# If I rent out my own house will I definitely lose tracker?



## RichieRich (18 Oct 2010)

On a tracker but need to move (work reasons). I understand I need to register with the prtb,  pay the nppr fee and inform revenue that I would no longer be eligible for tax relief on my mortgage.  

Is it a "given" that I will lose my tracker rate in the process or would the bank definitely be informed?


----------



## Dinny (18 Oct 2010)

Bank will only be informed if you inform them. By doing registering with PRTB paying nppr canceling your TRS etc, they will not tell the bank you are renting the property


----------



## RichieRich (18 Oct 2010)

Thanks Dinny, well that seems like good news then!  If I change the insurance to cover the tenants, could that be a flag to the bank?


----------



## Bob Nellies (18 Oct 2010)

It was a *legal *condition of my mortgage contract that i recieve permission from the bank rent out the house. 

So i asked them - recently. 

Bank had no problem and my tracker mortgage T&C remained the same. 

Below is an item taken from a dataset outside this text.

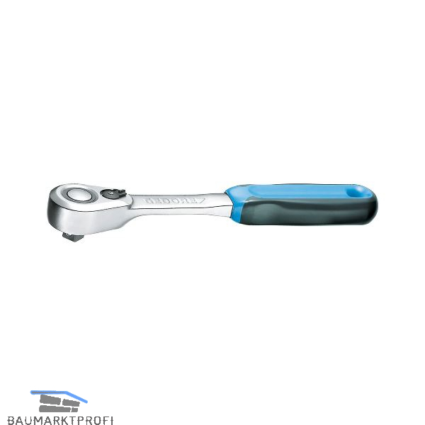 Feinverzahnt mit Umschalthebel und Druckknopfauslösung. 2 Komponenten-Griff mit Aufhängeloch. Für handbetätigte Steckschlüsseleinsätze mit Verbindungsvierkant C 10 DIN 3120 - ISO 1174, mit Kugel-Arretierung.
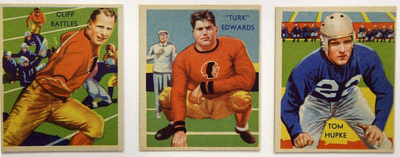 The cards — which feature football greats, lesser-known collegiate players, owners and teams — were inserted into such products as candy, gum and tobacco.

Now i am not worried/stressed about it or trying to cover my tracks..


----------



## Knuttell (18 Oct 2010)

Bob Nellies said:


> So i asked them - recently.



Did you get that in writing from them?

I personally would sooner take the word of a junkie than that of a bank official,I have learned that if it aint in writing its not worth the paper its *not* written on.


----------



## Dermot3 (18 Oct 2010)

*If I move house will i lose my tracker*

My understanding from recent discussions with my bank is that you will only loose the benefit of the tracker if there is a change on which the property is secured and you are in effect taking out a new loan. To rent out what was your former residence should not be a problem or indeed if you try and move to paying interest only for a specified period this should not mean loosing the benefit of tracker. However if you tried to swap houses for example your old mortgage that you wish to switch to the new property is deemed a new mortgage and all new regulations will apply including loss of tracker. It is only a new/change in address that can result in you having to go on a variable rate.
I did try and negotiate with bank - I am swapping a house but bank tell me I have to go from 2.2% to 4.4% undermining the viability of the whole deal. When I pointed out to bank that if we could agree a rate of say 3.5% everyone would be happy - both homeowners get property they want, bank get me off a 2.2% tracker and government get benefit of a stamp duty payment from both parties. Seemingly we ae going from a regime of lax regulations to very stringent and sometimes idiotic regulations.


----------



## RichieRich (24 Oct 2010)

Without having to phone my bank, where can I check the T+C's of my mortgage in relation to the loss (or not) of the tracker rate, if I rent out my place?  Would my solicitor know?  Also, when it comes to informing Revenue that I am no longer entitled to relief on the mortgage, should this be done in writing and how should it be worded??!  
Thanks in advance!


----------



## RichieRich (24 Oct 2010)

How do you know for sure?


----------



## twofor1 (24 Oct 2010)

I don’t think anyone here can give you a definitive answer, it appears from other posts that some T&c’s mention what happens in this case, others don’t, some in similar circumstances never told their bank and still have their trackers. 

Do you not have a copy of your T&c’s, if not ask your bank for a copy, you don’t have to say why you want them. This is where I would start.

 I don’t think your solicitor would have this, but you could ask.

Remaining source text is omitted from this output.